── Dataset content ──
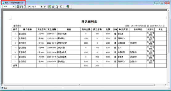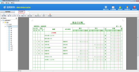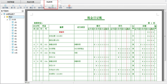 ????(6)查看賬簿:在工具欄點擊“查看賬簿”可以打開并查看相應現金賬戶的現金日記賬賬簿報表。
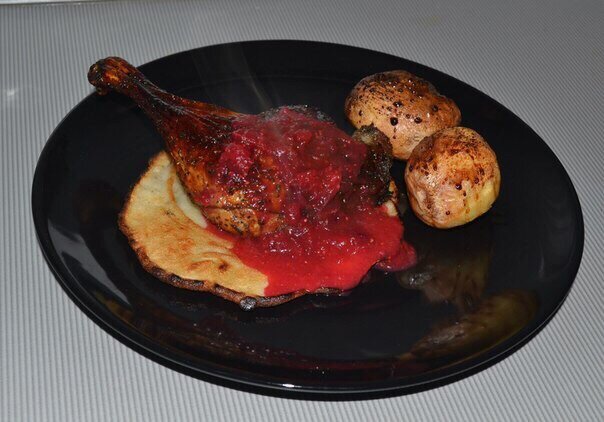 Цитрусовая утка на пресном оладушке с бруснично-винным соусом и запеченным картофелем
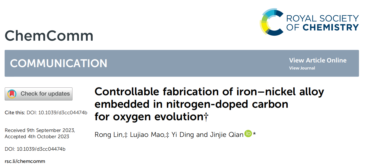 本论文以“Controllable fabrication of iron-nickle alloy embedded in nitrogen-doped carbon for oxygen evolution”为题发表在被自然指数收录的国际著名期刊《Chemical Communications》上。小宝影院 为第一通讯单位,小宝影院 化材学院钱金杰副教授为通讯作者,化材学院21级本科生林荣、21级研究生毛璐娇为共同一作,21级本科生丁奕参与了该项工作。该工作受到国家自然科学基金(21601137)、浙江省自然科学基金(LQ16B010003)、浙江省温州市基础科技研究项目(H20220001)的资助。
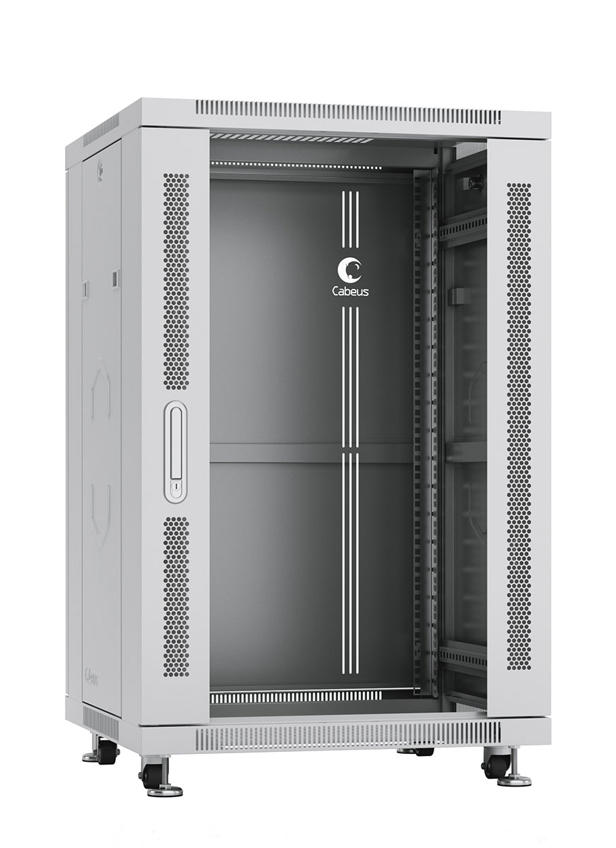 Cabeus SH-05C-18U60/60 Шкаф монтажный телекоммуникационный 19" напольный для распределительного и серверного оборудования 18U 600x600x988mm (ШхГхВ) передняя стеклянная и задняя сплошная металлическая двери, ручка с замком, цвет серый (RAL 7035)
───
(Exercise details) Pictures aside, repeat every line of the data above exactly.

(Answer box)
 ????(6)查看賬簿:在工具欄點擊“查看賬簿”可以打開并查看相應現金賬戶的現金日記賬賬簿報表。
 Цитрусовая утка на пресном оладушке с бруснично-винным соусом и запеченным картофелем
 本论文以“Controllable fabrication of iron-nickle alloy embedded in nitrogen-doped carbon for oxygen evolution”为题发表在被自然指数收录的国际著名期刊《Chemical Communications》上。小宝影院 为第一通讯单位,小宝影院 化材学院钱金杰副教授为通讯作者,化材学院21级本科生林荣、21级研究生毛璐娇为共同一作,21级本科生丁奕参与了该项工作。该工作受到国家自然科学基金(21601137)、浙江省自然科学基金(LQ16B010003)、浙江省温州市基础科技研究项目(H20220001)的资助。
 Cabeus SH-05C-18U60/60 Шкаф монтажный телекоммуникационный 19" напольный для распределительного и серверного оборудования 18U 600x600x988mm (ШхГхВ) передняя стеклянная и задняя сплошная металлическая двери, ручка с замком, цвет серый (RAL 7035)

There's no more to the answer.